Ни сегодня, ни завтра... отличаешься только тем, что готов открещиваться от проблем и заталкиваешь подальше на дно совести, как опытный алкоголик. Двадцатилетний не поймет сорокалетнего - если только из вежливости. Ты уже не в том возрасте, чтобы научиться забывать, ты сам мучаешься неразрешимостью жизни и рад платить тройную цену за любой момент истины. Самое страшное, что ты призван идти всю жизнь с этим бременем. Интересно, скольких из тысячи поражает подобная болезнь?
- Я тебе не судья... - вежливо сказал сын, словно угадывая мысли.
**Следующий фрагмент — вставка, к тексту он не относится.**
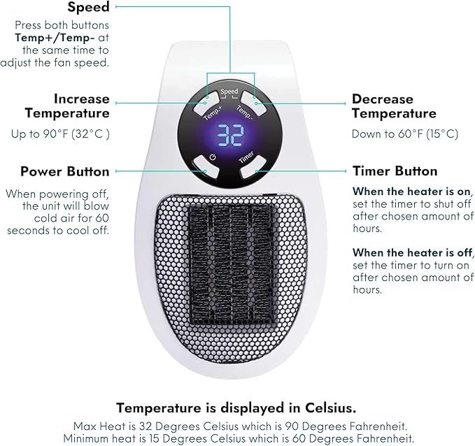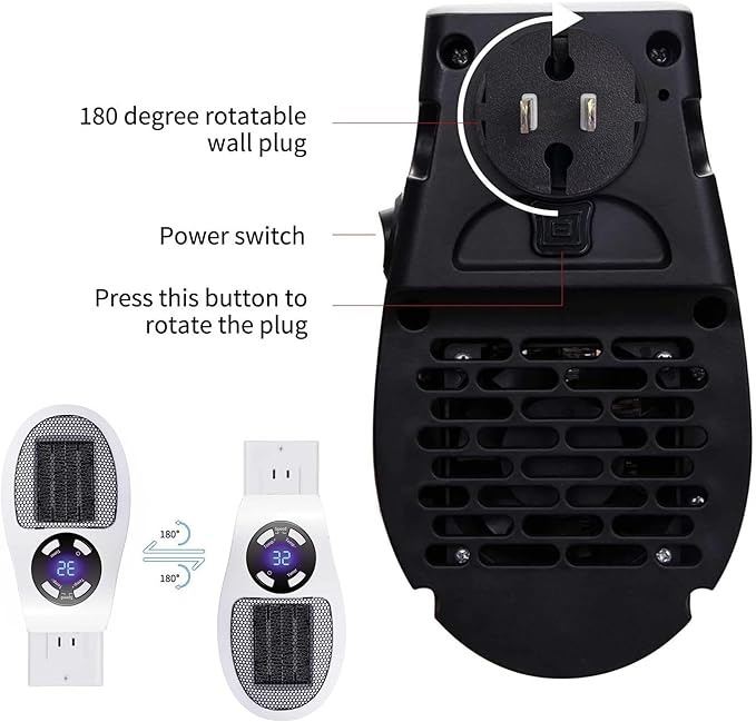 1 Portable Electric 500W Socket Plug-In Heater w/ LED Display - New
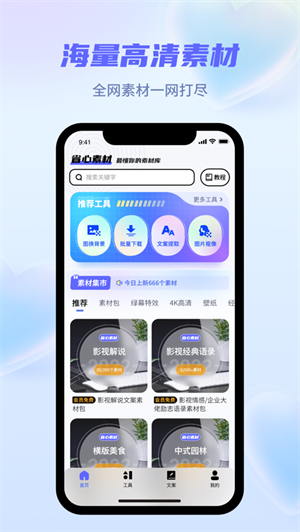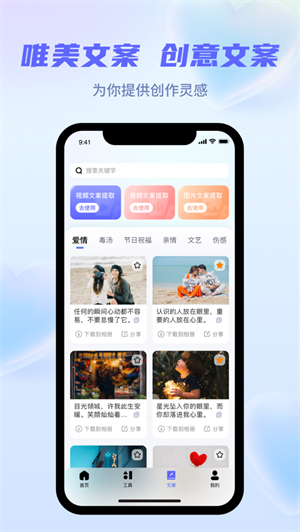 省心素材app官方版是一款功能强大的素材软件,软件中有着海量的素材资源,用户可以在软件中来寻找自己需要的素材。平时我们下载各种的视频,视频上面都会有着各种的水印,之前用户需要花费各种的办法来去除水印,现在有了这个软件玩家只需要把视频导入软件中就等待一会就可以去除水印。软件还支持MD5尊享,还有着实用的语音转文字等创造工具,用户可以无限打字就可以进行文字创作,软件中还着丰富的唯美文案,用户搭配上素材和文案来发一条唯美的朋友圈。
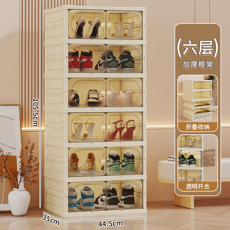 纳份爱免安装鞋盒家用鞋柜门口入户柜折叠鞋架收纳盒靠墙鞋子收纳神器 米白六层(可放24只鞋子) 【磁吸开盖/可放48码AJ鞋】
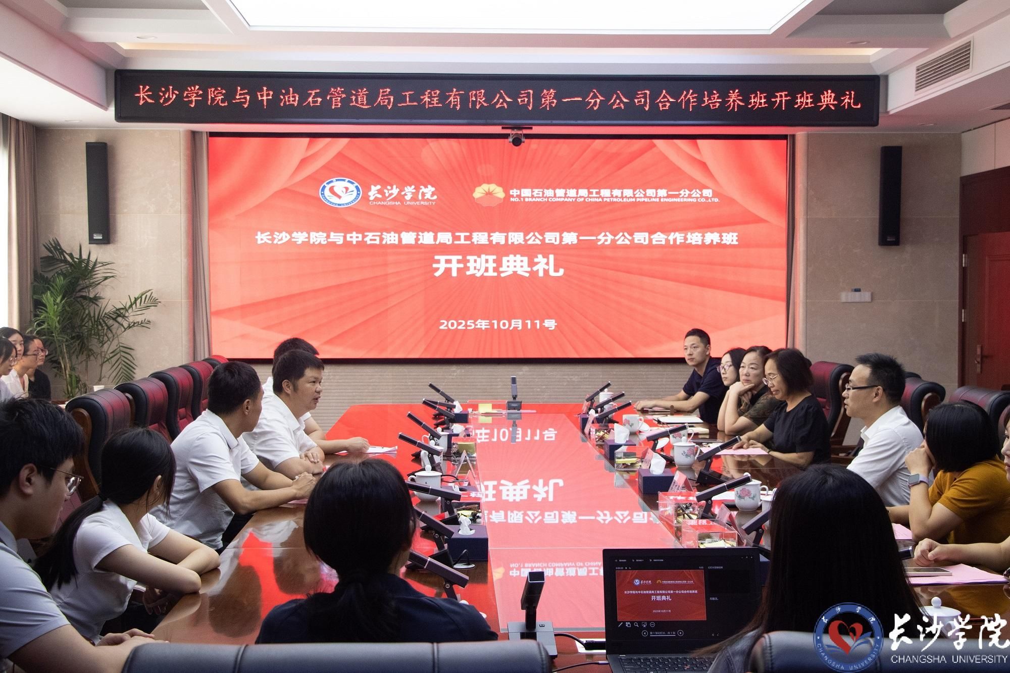 10月11日上午,长沙学院与中石油管道局工程有限公司第一分公司(以下简称“中石油管道局一公司”)产教融合培养班开班典礼在长盛楼4001会议室举行。中石油管道局一公司党委委员、副经理陈梦圆、郭建良等出席典礼。校党委委员、副校长何利华出席并致辞。招生与就业指导处、相关二级学院主要负责人和学生代表参加典礼。

Иванов едва не спросил: "Что ты имеешь в виду?" Проклятая мягкотелость, которой он награждал и всех других, словно навешивал на цивильные лацканы медали: "Тебе! и тебе!" - за дружбу, за будущие заслуги, за честность в глазах, только не предавайте, только считайте самым умным и, ради бога, не проливайте мужских слез по пустякам, потому что от пустяков всегда тошнит и выть хочется. Если бы он сам знал, что от него хотела первая жена? Легче жить, когда ничего не помнишь. Есть женщины, которые слишком хаотичны внутри себя, чтобы стать цельными даже за десяток лет, некоторых это вообще не интересует.
- Мне рассказали... - наконец-то сообщил сын.
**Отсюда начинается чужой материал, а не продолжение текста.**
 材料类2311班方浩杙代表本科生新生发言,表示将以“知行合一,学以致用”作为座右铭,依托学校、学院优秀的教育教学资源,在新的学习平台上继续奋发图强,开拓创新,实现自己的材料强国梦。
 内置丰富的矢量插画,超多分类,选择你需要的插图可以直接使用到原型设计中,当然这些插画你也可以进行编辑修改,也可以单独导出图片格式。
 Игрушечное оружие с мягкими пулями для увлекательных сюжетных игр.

- Да?.. - удивился Иванов.
Что еще можно было ответить, словно оберегаешь себя от чужого прикосновения, от скальпеля, от рока. В двадцать лет ты еще мальчишка, и любая женщина кажется вершиной совершенства. Только ты давно ошибаешься и в нем, и в себе, и почему-то каждый раз удивляешься этому. Ты ведь думаешь, ты прав, а ты давно уже не прав, и он тебя не понимает.
- Не предполагал, что все так...
Ну вот, и тебе тоже досталось сочувствие, приправленное снисхождением - какая разница от кого, хотя бы от сына. Чем мы все отличаемся друг от друга? Кровь всех делает похожими.
- ...сложно...
Родственники! Двадцать пять лет думал, что хранит тайну.
- Спокойной ночи, - сказал Иванов и положил трубку.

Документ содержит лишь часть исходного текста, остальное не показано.